Decaux ousts M&A chief after £600m takeover

David Pugh, chief executive of poster contractor Mills & Allen, has been fired by the company’s new French owners JC Decaux, together with two other board directors.

David Pugh, chief executive of poster contractor Mills & Allen, has been fired by the company’s new French owners JC Decaux, together with two other board directors.

Pugh left the company this week along with sales director Lawson Muncaster and finance director Helen Enright. They do not have other jobs to go to.

The management cull had been expected since April when family-run Decaux, previously a six-sheet contractor in the UK, triumphed with a &£600m bid for M&A and its sister outdoor companies from Vivendi.

Jean-Francois Decaux, chief executive of JC Decaux International, becomes chairman and chief executive officer of the newly merged JC Decaux Group, comprising M&A, JC Decaux and Sky Sites, the airport advertising business.

Decaux says: “M&A is not performing that well at the moment, which I understand is also true of Maiden [a rival 48-sheet contractor]. Only the More Group [a rival outdoor company] and JC Decaux are performing well. Therefore, I took the decision to replace Pugh and Muncaster.”

He adds: “Having started JC Decaux from scratch abroad, I decided I would be the most appropriate person to merge the two cultures.”

Decaux says he aims to increase outdoor’s share of the advertising cake and build M&A through acquisitions and by introducing new products.

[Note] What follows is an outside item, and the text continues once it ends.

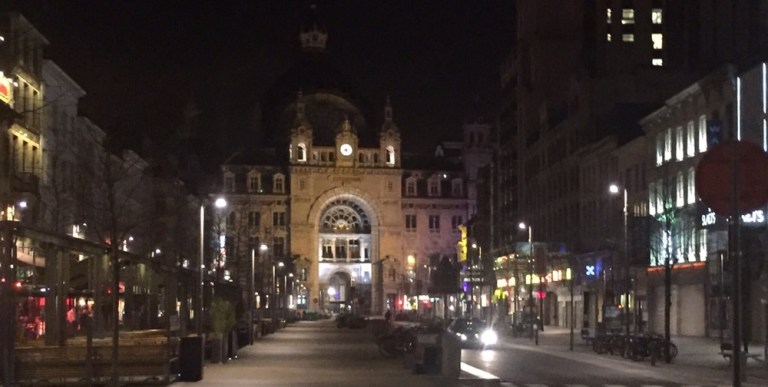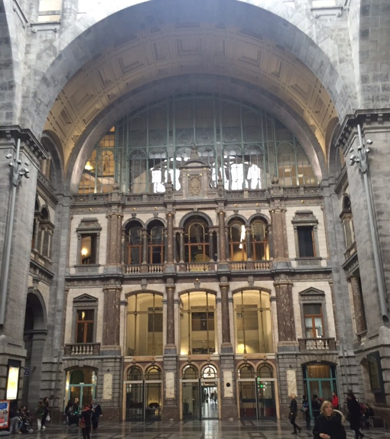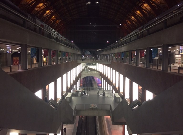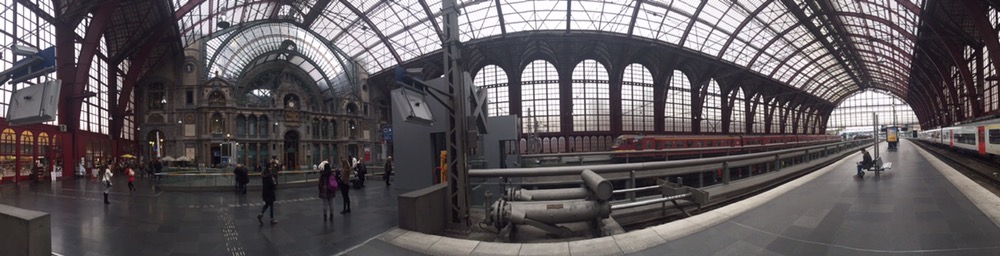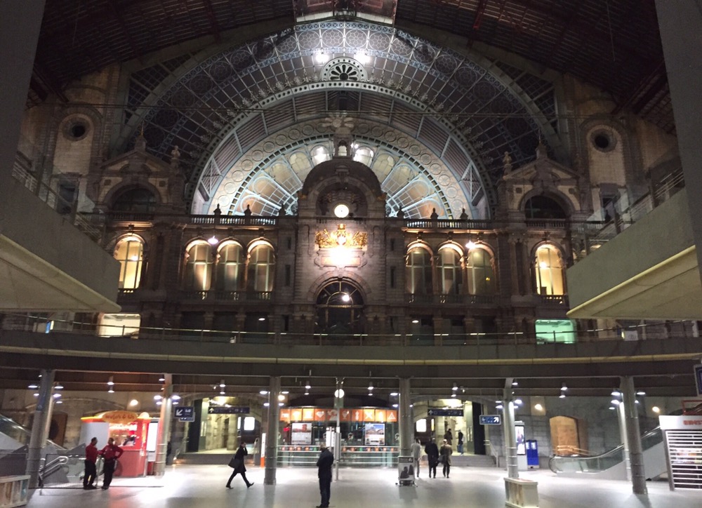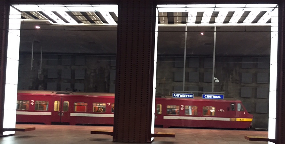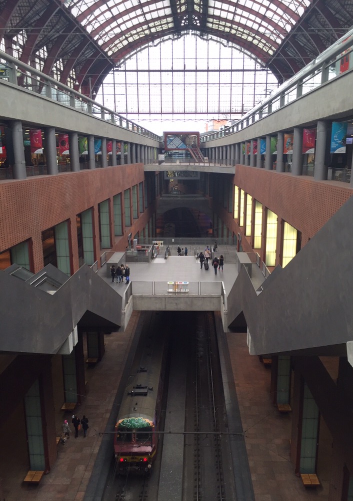 Gegen Mittag raus aus dem Hotel. Mit meinem Bagage am Rücken wandere ich nochmals durch das schöne innere Stadtzentrum, bevor ich mit dem Tram zum Sint Pieterbahnhof rolle. Ungefähr alle 20 Minuten fährt ein Intercity nach Antwerpen. Ich kann grad einsteigen, in einen allzu kurzen Zug, der bis auf den letzten Platz gefüllt ist. Es ist wohlig warm und ruhig, bald schlafe ich ein und verpasse einen Grossteil der einstündigen Fahrt. Beim Aussteigen fällt mir der lichtdurchflutete, fast komplett neu erbaute Bahnhof auf. Besichtigung

He says he will spend more time in the UK, where JC Decaux earns 15 per cent of its worldwide revenues. “We have shaken the outdoor industry once and we’ll do it once more,” he adds.

The M&A and JC Decaux sales departments will be merged at M&A’s Paddington offices, headed by Spencer Berwin and Xavier Dupre, group sales directors of JC Decaux.

Industry experts are waiting to see how Decaux, renowned for its success in street furniture, handles the 48-sheet market.

Annie Rickard, chief executive of specialist Posterscope, says: “The lack of consultation by Decaux with its customers at senior level is not a good start. In losing Pugh it has lost a chief executive who worked hard at customer relationships – qualities Decaux needs now more than ever before.”

Pugh, former marketing director at The Telegraph, joined M&A three and a half years ago.